= Task to carry out =
In the records below, find the line that contains "아이 자전거는 가져갔고, 엄빠는 카카오바이크를 타기로 했다." and the line that contains "Sale!Stripe High Neck Button Shoulder Jumper". Set down exactly those lines and every line between them, and nothing more.

= Exercise materials =
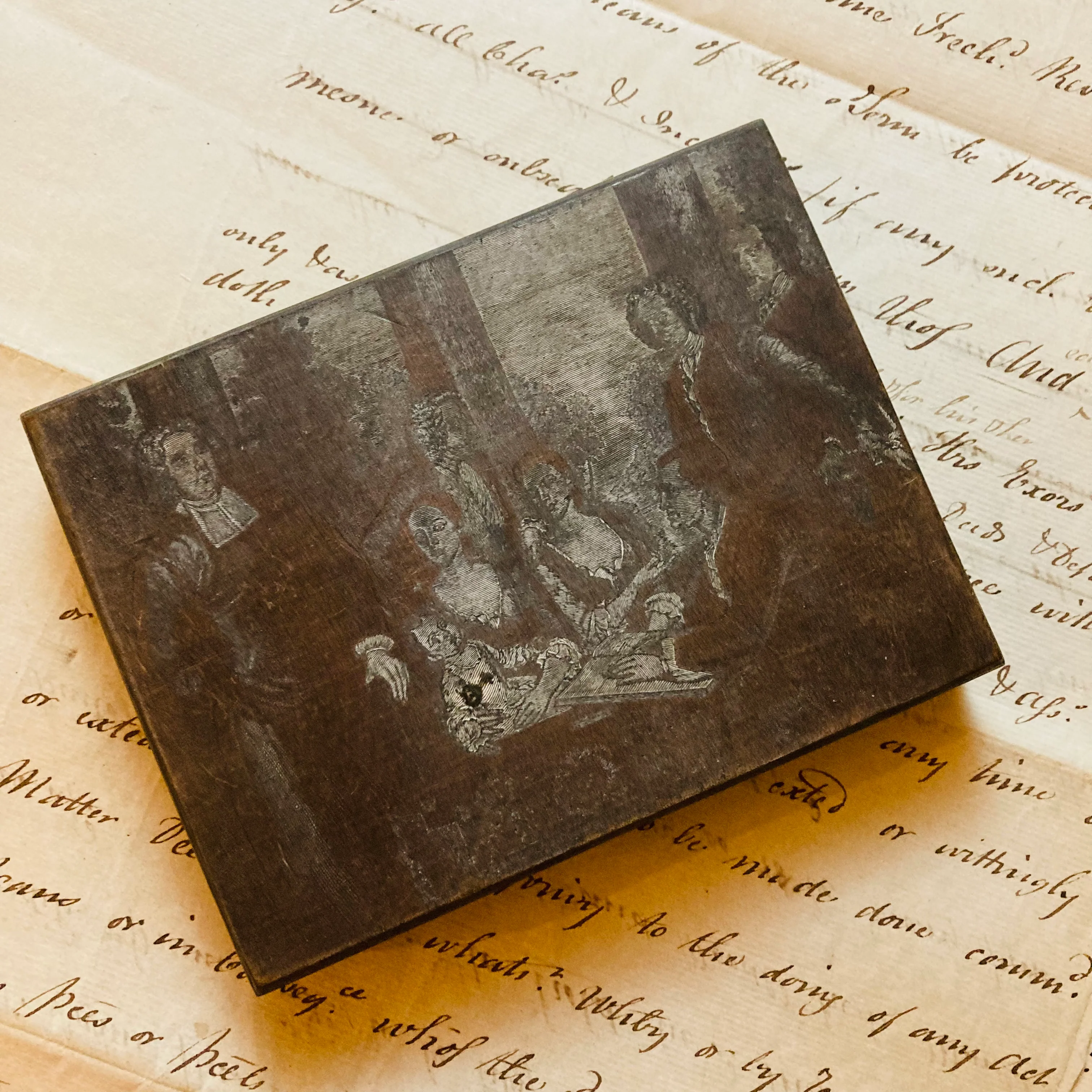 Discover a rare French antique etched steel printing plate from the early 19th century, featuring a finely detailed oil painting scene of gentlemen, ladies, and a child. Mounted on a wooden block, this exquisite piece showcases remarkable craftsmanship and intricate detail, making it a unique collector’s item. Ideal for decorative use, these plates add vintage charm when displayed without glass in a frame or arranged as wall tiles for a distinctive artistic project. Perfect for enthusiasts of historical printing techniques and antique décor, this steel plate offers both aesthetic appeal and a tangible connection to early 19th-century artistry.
==
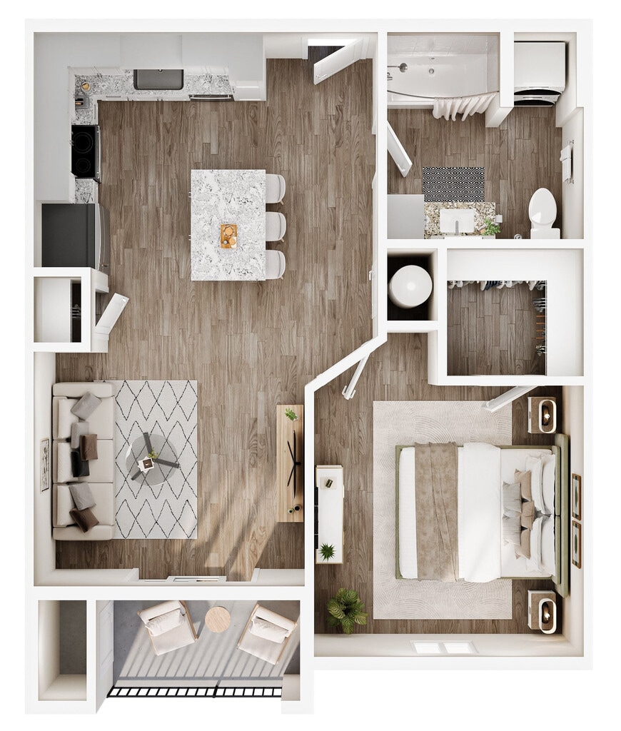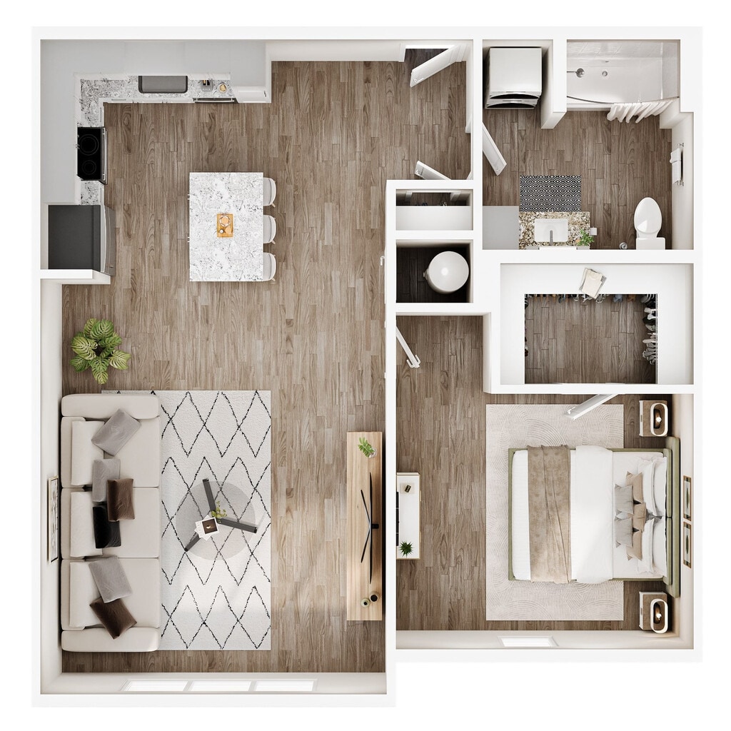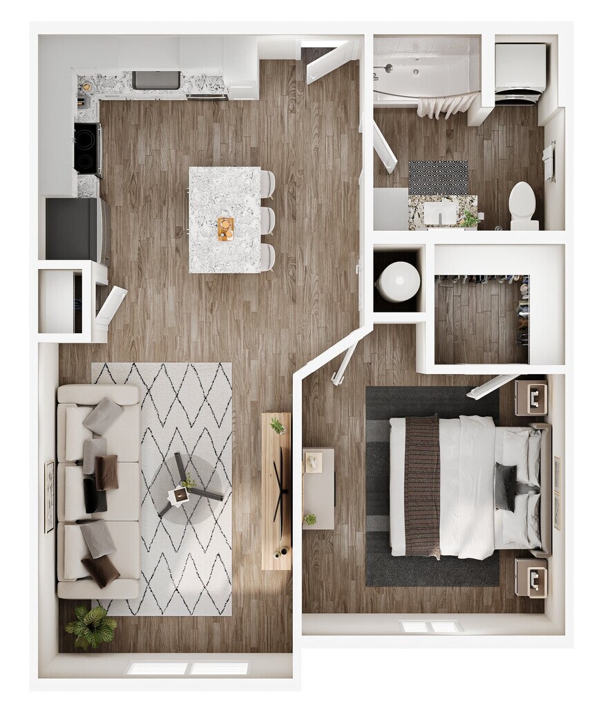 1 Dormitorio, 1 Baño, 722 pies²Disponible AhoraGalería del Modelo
==
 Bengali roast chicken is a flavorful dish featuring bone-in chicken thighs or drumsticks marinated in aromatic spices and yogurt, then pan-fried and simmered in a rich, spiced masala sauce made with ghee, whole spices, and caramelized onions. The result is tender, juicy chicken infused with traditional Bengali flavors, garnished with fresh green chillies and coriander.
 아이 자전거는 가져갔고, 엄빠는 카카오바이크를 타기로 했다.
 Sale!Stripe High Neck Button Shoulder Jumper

= Answer to this task =
 아이 자전거는 가져갔고, 엄빠는 카카오바이크를 타기로 했다.
 Sale!Stripe High Neck Button Shoulder Jumper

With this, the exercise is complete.